# motorhome stopover



## geordie01 (Apr 20, 2006)

has anyone used the m h stop over sites and got any feedback
ta


----------



## chapter (May 1, 2005)

i think you may need to expand the question ie web sites,uk stopovers,french aires ect 
chapter


----------



## geordie01 (Apr 20, 2006)

this
http://www.motorhomestopover.co.uk/


----------



## chapter (May 1, 2005)

most if not all are on mhf see here 
chapter


----------



## bowlty (Dec 28, 2009)

hi
i just tryed northumberland and not one come up so all the sites may be down south it would be nice to know where they are before you join
but it is only £30


----------



## cabby (May 14, 2005)

I have to say that there are still plenty of CL's and CS at around £5. that I find to stop over.

cabby


----------



## brockley (Mar 6, 2009)

We found the motorhome stopover book very useful on the way home from Peterborugh.
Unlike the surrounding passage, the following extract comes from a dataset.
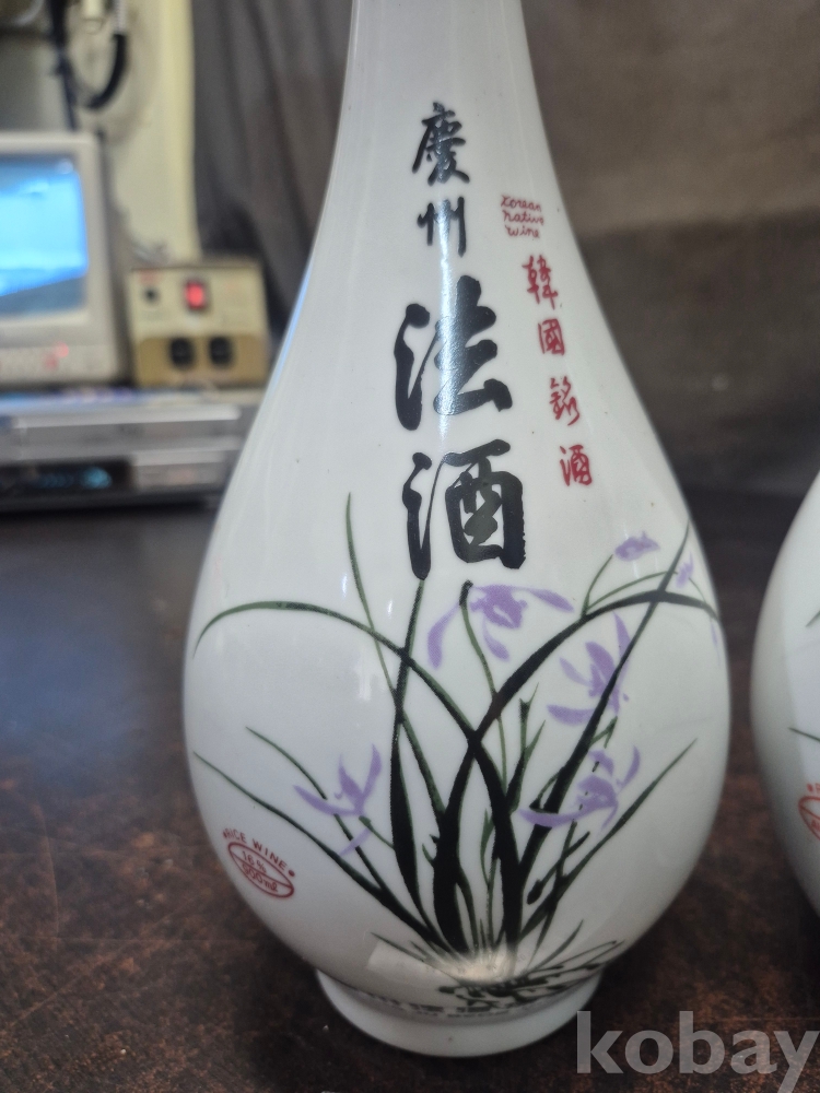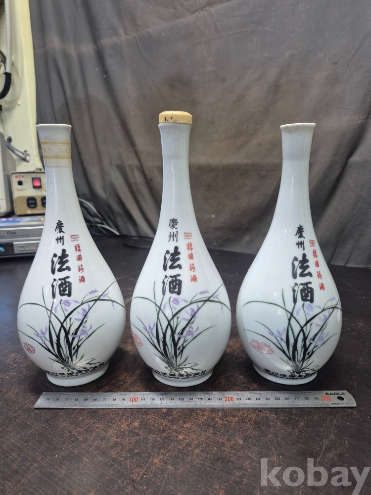 1990년대경주법주 도자기 술병 난과 꽃 문양 디자인 주병 3점 일괄 12*12*29

They say they have 420 pubs involved, as aposed to the 16 pub stopovers listed here. We only came accross one which had closed down  . The others we stayed at were all very friendly. Didn't always have what the book said they had, like grey water point, sewage disposal or sometimes EHU, but hey, apart from the odd pint they don't charge. The book is a little difficult to use on it's own, you have to keep looking up places on a map. The web site on the other hand is very good and best used without the book. Overall, thirty pounds well spent and I think that they will get better with time.


----------



## Telbell (May 1, 2005)

> but it is only £30


"only"- was that an ironic statement? :wink:

Talk to the landlords nicely and you don't need to pay that annual sub :lol:


----------